C - Le DMB (Digital Multimedia Broadcasting)

Le DMB-T est pour sa part issu d'une technologie européenne : le DAB (Eureka 147). Ce standard a été conçu dès l'origine pour la diffusion numérique des radios, donc pour leur réception en environnement mobile. De nombreux pays utilisent déjà cette technologie pour diffuser leurs radios et les récepteurs sont disponibles à des prix abordables (à partir de 100 €). Le DAB, prévu dès l'origine pour être reçu en mobile et en portatif, s'est naturellement imposé une faible consommation électrique pour la partie réception et décodage.
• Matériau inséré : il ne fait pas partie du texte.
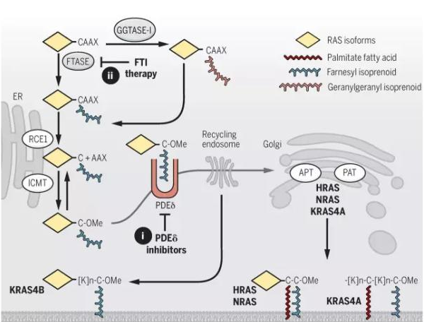 研究发现,RAS 的致癌功能与其在细胞内的位置有很大关系,当 RAS 位于细胞膜的内表面时活性最强。最近的研究还发现了对 RAS 蛋白翻译后的修饰控制了其在细胞内的位置。在 RAS 转移去细胞膜的过程中的第一步是由法呢基转移酶(farnesyltransferase)在 RAS 的 C 端加上一个法呢基。因此,在 90 年代时,抑制法呢基转移酶的活性是 RAS 药物研发中的重点,不过其中至少两个药物都在 3 期临床中失败了。后来发现,4 个 RAS 蛋白中最常见的 KRAS4B 可以得到一个与法呢基结构类似的香叶基香叶基异戊二烯(geranylgeranyl isoprenoid)来完成向细胞膜的转移。最近,通过筛选可以直接抑制 RAS 与细胞膜结合的小分子,发现了一个潜在的药物 fendiline,它可以选择性地减少 KRAS4B 与细胞膜的结合。

La Corée a décidé d'utiliser ce standard pour la diffusion de télévision et de radios et, après lui avoir apporté quelques modifications mineures, lui a donné le nom de DMB-T. Le fait d'utiliser des technologies existantes a permis de réduire les coûts de développement mais également les coûts de production. Depuis le milieu de 2004, Samsung et LG ont présenté leurs téléphones mobiles équipé en DMB. La commercialisation des services est prévue par le gouvernement coréen dès mai 2005. Le DMB utilise des bandes de fréquences moins encombrées que celles imposées par le DVB-H. La constitution du réseau DMB est également environ 7 fois moins coûteuse qu'en DVB-H. On peut d'ailleurs utiliser les infrastructures DAB existantes sans modification, ce qui autorise une mise en oeuvre très simple des réseaux. Enfin, les récepteurs DAB ne sont pas gênés par les émissions DMB et reçoivent sans difficulté les radios diffusées sur un bloc DMB aussi bien que sur un bloc DAB. Le DAB/DMB a été prévu dès l'origine pour monter des réseaux SFN (Single Frequency Network - réseau mono-fréquence) à l'échelle d'un pays tout entier ce qui évite tous les problèmes liés aux changements de fréquences bien connus des utilisateurs des autoradios RDS (Radio Data System) par exemple.